==== SOURCE DATA

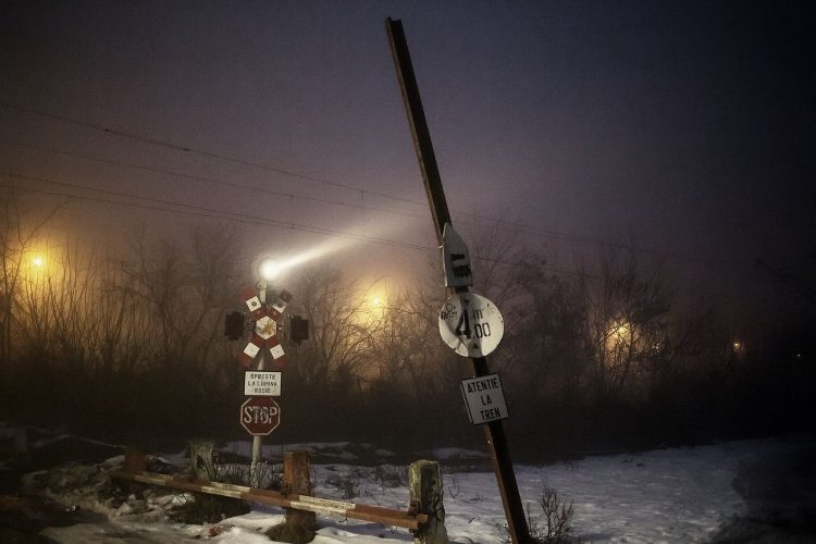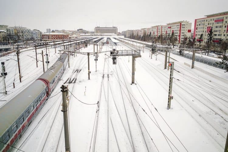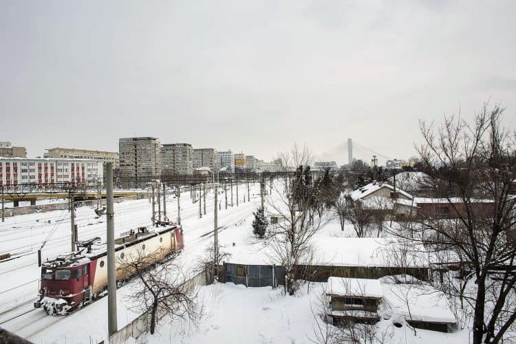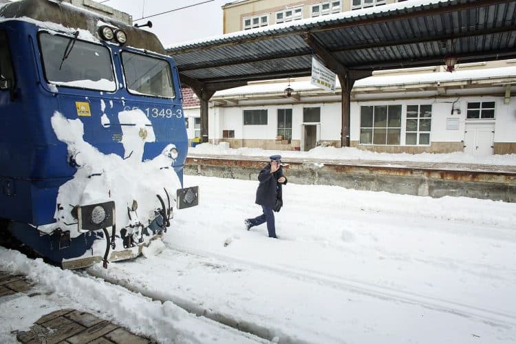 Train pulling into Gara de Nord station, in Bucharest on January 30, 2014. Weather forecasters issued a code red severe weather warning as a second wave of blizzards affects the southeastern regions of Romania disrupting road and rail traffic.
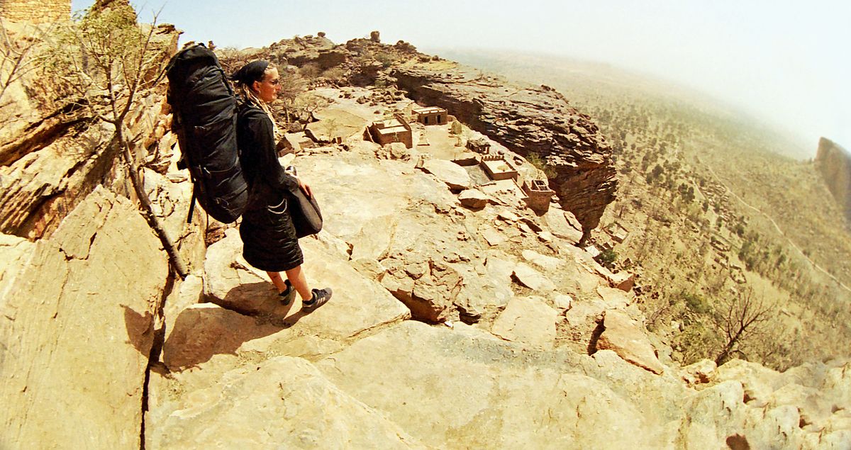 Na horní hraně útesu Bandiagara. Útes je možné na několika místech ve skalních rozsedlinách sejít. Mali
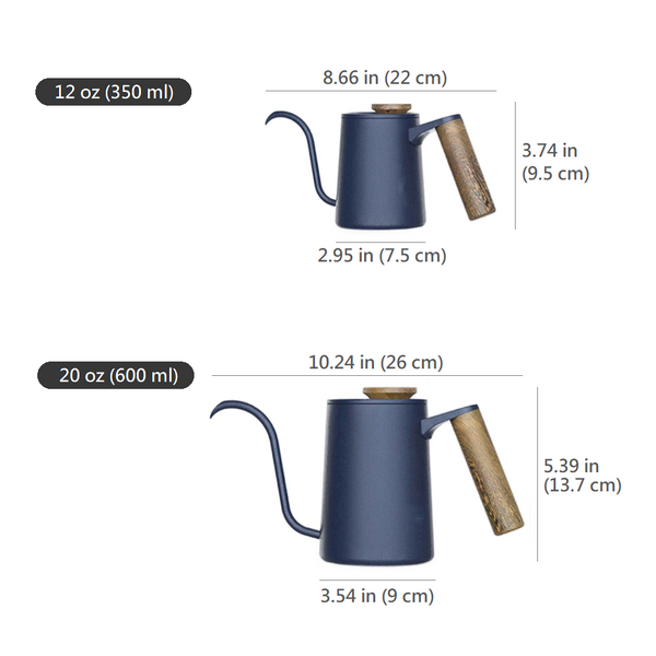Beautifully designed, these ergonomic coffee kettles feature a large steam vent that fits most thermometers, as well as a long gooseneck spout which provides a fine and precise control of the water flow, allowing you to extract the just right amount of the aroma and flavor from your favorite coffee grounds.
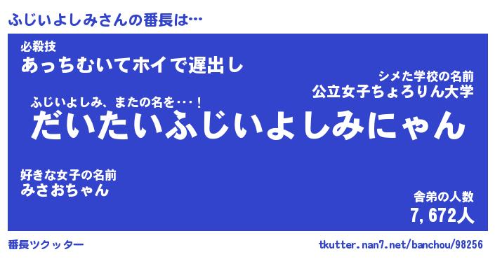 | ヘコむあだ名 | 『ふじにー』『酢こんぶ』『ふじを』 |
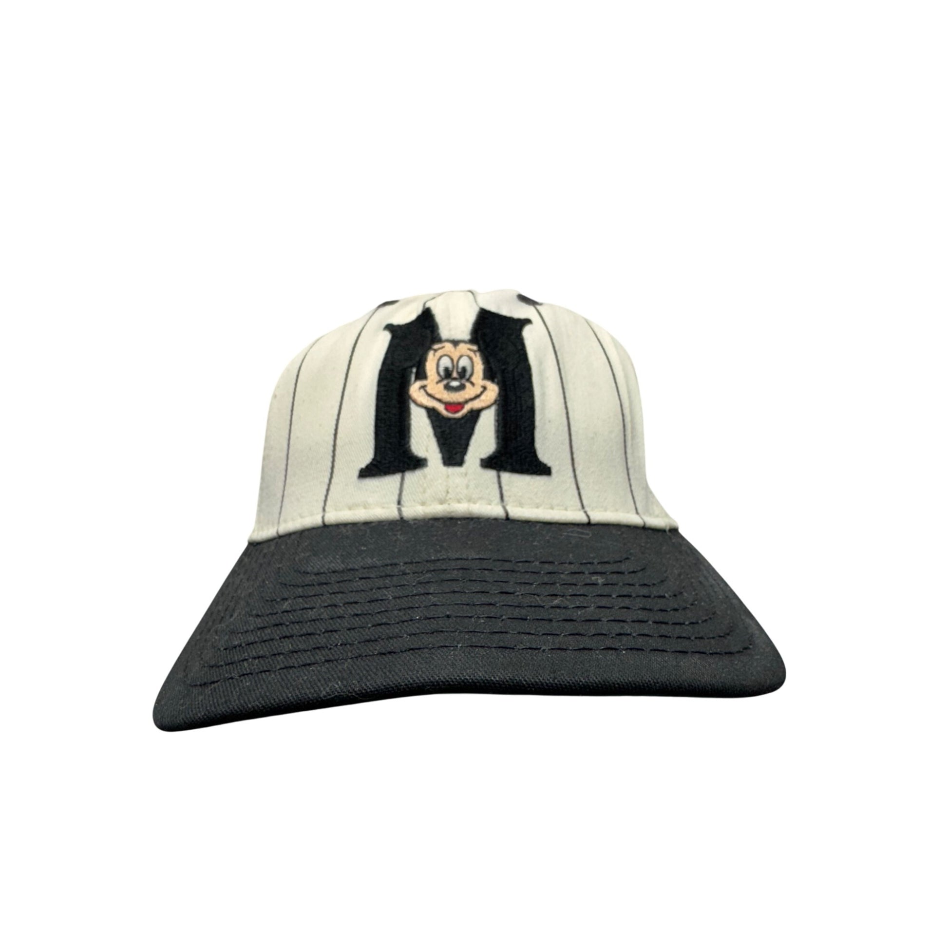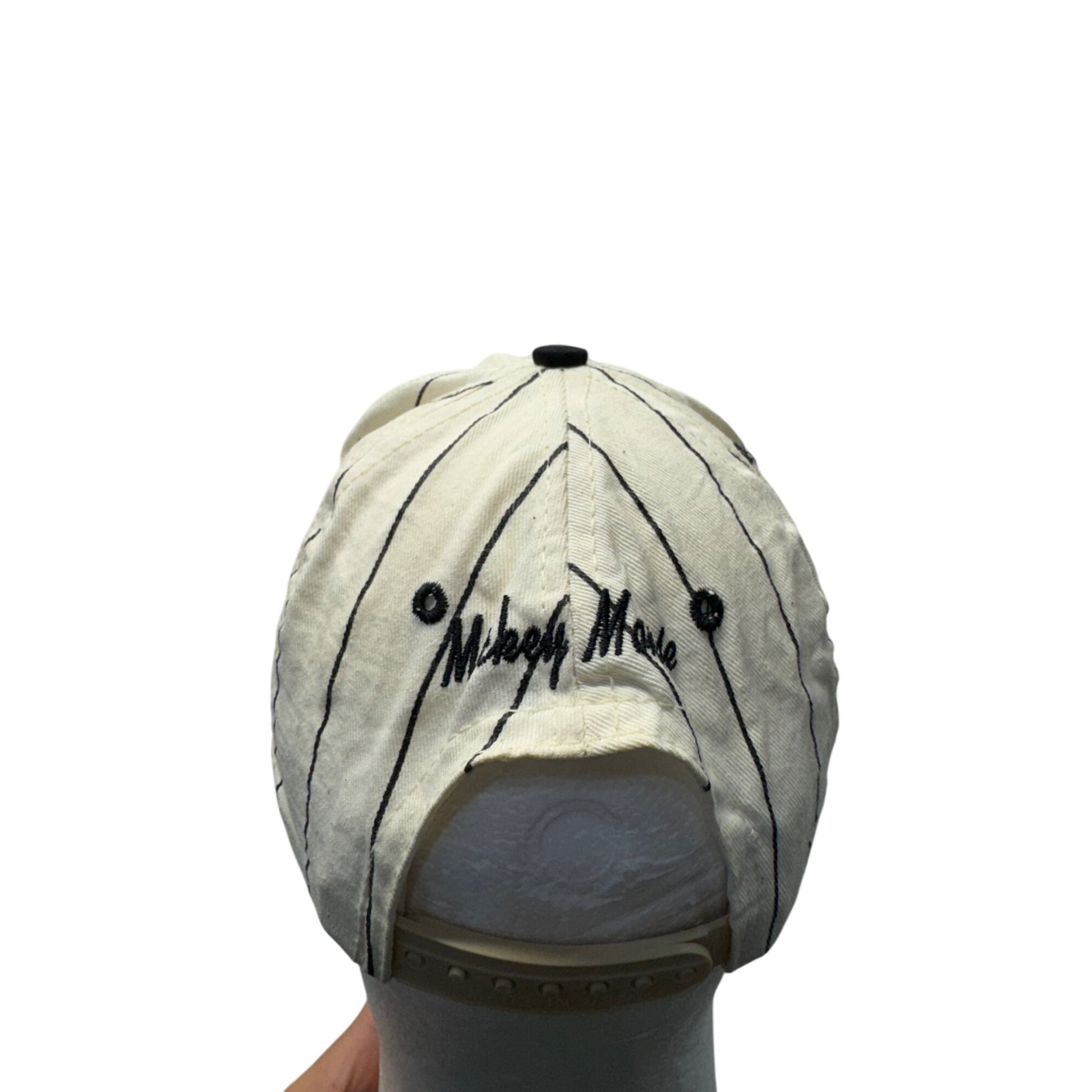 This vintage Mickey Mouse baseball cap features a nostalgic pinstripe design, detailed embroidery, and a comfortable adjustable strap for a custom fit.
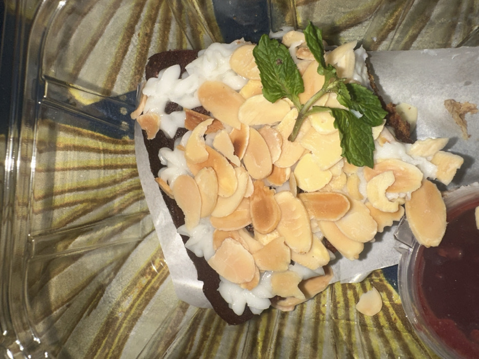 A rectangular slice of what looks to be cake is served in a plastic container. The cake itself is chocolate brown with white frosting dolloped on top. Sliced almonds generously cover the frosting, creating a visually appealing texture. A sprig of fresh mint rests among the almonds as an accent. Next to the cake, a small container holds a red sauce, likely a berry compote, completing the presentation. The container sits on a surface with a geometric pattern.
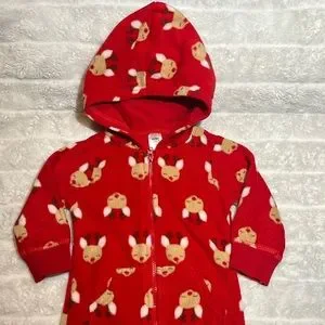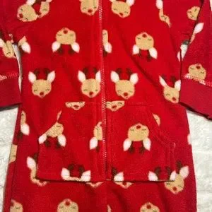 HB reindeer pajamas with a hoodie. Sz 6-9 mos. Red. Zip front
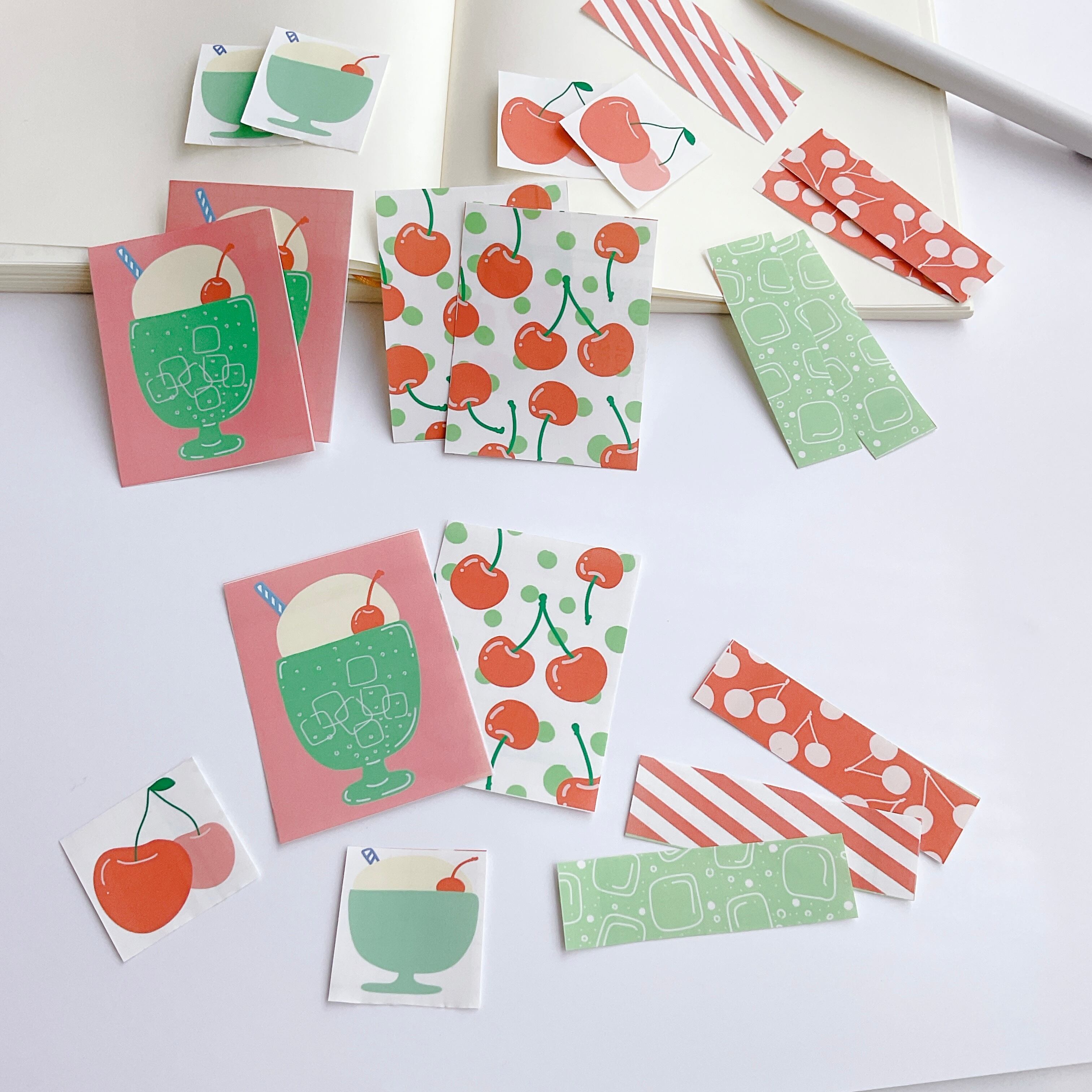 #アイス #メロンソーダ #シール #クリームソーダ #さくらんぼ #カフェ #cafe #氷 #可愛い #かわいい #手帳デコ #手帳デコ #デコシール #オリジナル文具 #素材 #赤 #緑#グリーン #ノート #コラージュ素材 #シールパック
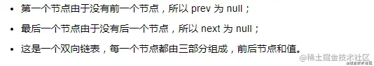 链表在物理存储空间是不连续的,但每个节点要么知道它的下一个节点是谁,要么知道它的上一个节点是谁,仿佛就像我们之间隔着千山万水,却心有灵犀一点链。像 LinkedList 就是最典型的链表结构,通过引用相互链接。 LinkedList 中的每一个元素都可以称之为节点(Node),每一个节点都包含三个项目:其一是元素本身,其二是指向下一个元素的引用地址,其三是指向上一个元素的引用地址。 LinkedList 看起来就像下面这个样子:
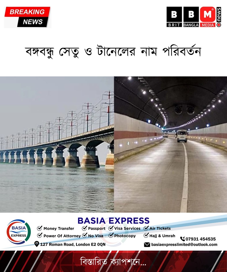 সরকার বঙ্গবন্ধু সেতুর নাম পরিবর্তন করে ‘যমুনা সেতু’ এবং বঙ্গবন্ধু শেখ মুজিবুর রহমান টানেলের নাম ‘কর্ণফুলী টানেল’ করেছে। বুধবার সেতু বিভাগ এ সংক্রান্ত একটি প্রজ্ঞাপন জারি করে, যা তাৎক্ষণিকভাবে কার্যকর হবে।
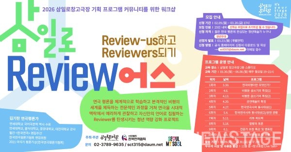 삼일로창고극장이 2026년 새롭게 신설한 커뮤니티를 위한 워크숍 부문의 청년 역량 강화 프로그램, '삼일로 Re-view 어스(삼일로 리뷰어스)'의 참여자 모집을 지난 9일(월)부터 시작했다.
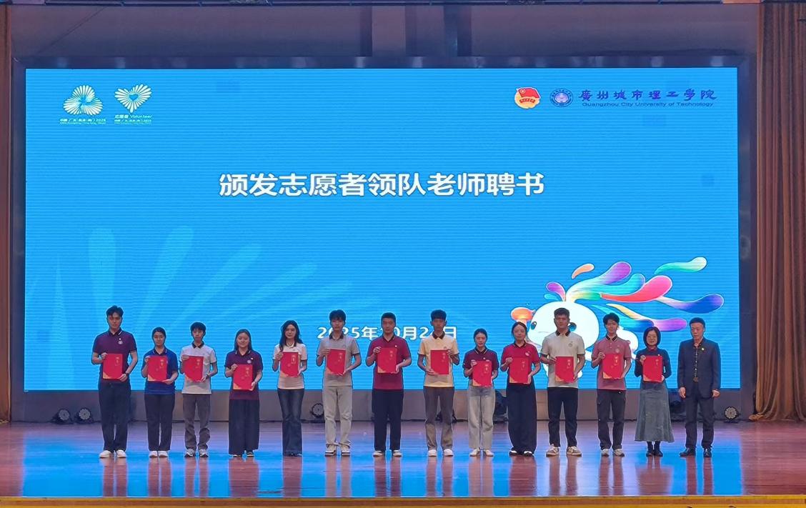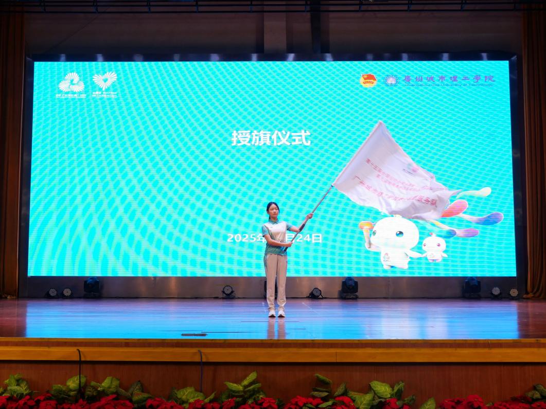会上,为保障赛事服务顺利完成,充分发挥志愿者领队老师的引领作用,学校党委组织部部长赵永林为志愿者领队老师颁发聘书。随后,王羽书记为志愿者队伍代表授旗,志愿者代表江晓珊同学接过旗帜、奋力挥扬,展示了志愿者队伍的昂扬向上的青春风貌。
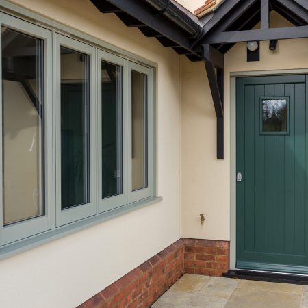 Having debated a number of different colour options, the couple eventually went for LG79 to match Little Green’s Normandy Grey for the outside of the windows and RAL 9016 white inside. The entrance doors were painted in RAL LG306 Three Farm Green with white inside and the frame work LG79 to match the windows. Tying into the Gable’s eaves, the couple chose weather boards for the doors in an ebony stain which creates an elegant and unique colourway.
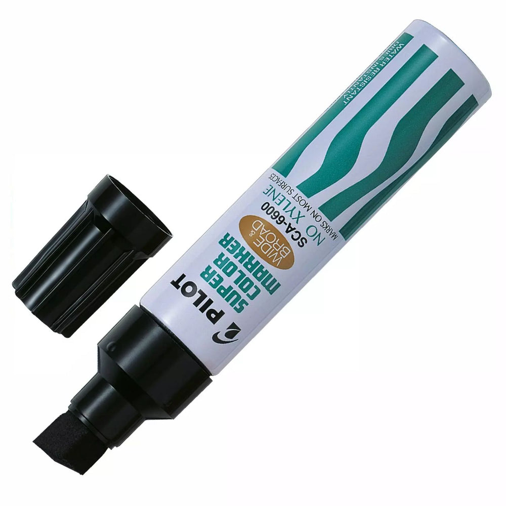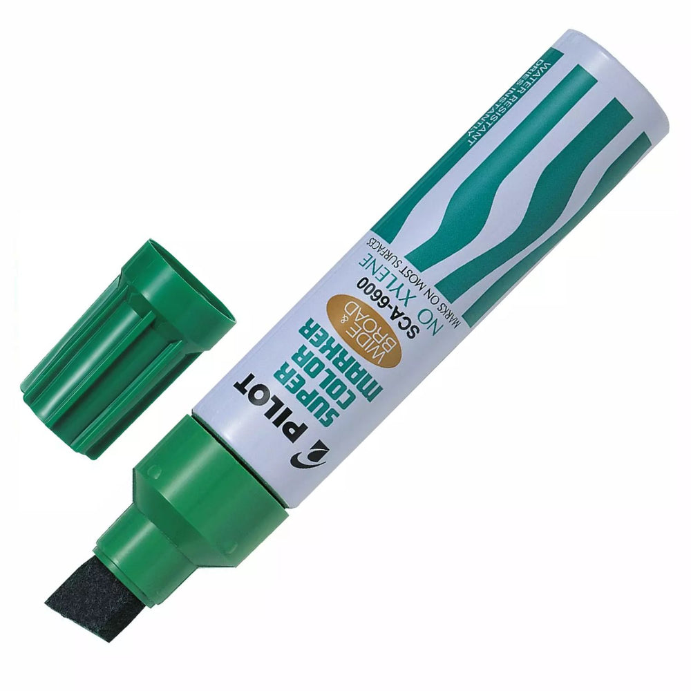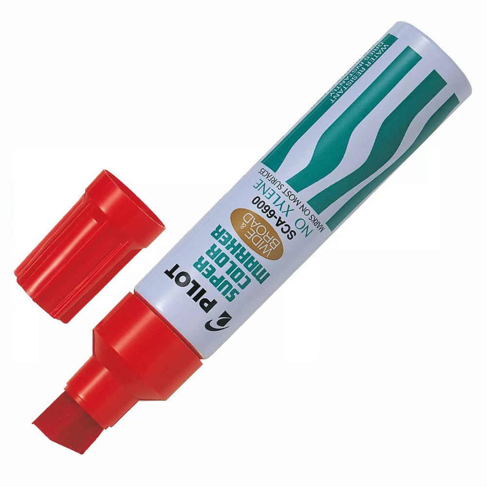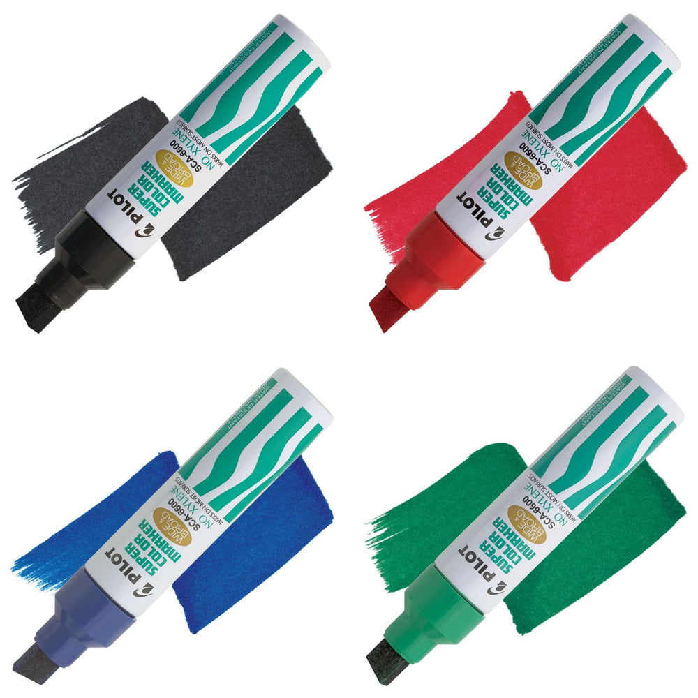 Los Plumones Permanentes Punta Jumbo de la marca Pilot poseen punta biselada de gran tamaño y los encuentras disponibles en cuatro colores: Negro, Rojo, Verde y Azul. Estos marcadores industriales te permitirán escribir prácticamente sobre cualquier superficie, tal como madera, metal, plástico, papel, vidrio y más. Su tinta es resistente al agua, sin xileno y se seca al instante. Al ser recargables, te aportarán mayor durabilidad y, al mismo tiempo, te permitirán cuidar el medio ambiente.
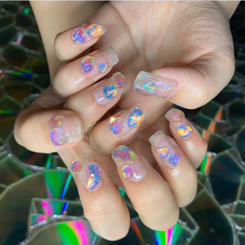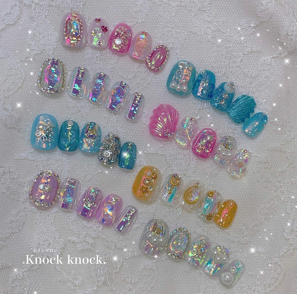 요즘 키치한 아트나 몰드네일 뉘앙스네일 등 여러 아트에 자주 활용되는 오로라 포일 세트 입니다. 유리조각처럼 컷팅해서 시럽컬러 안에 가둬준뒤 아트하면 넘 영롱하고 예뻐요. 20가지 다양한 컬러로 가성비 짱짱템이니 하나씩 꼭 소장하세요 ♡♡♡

========

(EXERCISE PROMPT): Taking the material above, give again exactly the lines from the one holding "Na horní hraně" through the one holding "ヘコむあだ名 | 『ふじにー』『酢こんぶ』『ふじを』 |", with both ends and without pictures.

(RESULT BELOW):
 Na horní hraně útesu Bandiagara. Útes je možné na několika místech ve skalních rozsedlinách sejít. Mali
Beautifully designed, these ergonomic coffee kettles feature a large steam vent that fits most thermometers, as well as a long gooseneck spout which provides a fine and precise control of the water flow, allowing you to extract the just right amount of the aroma and flavor from your favorite coffee grounds.
 | ヘコむあだ名 | 『ふじにー』『酢こんぶ』『ふじを』 |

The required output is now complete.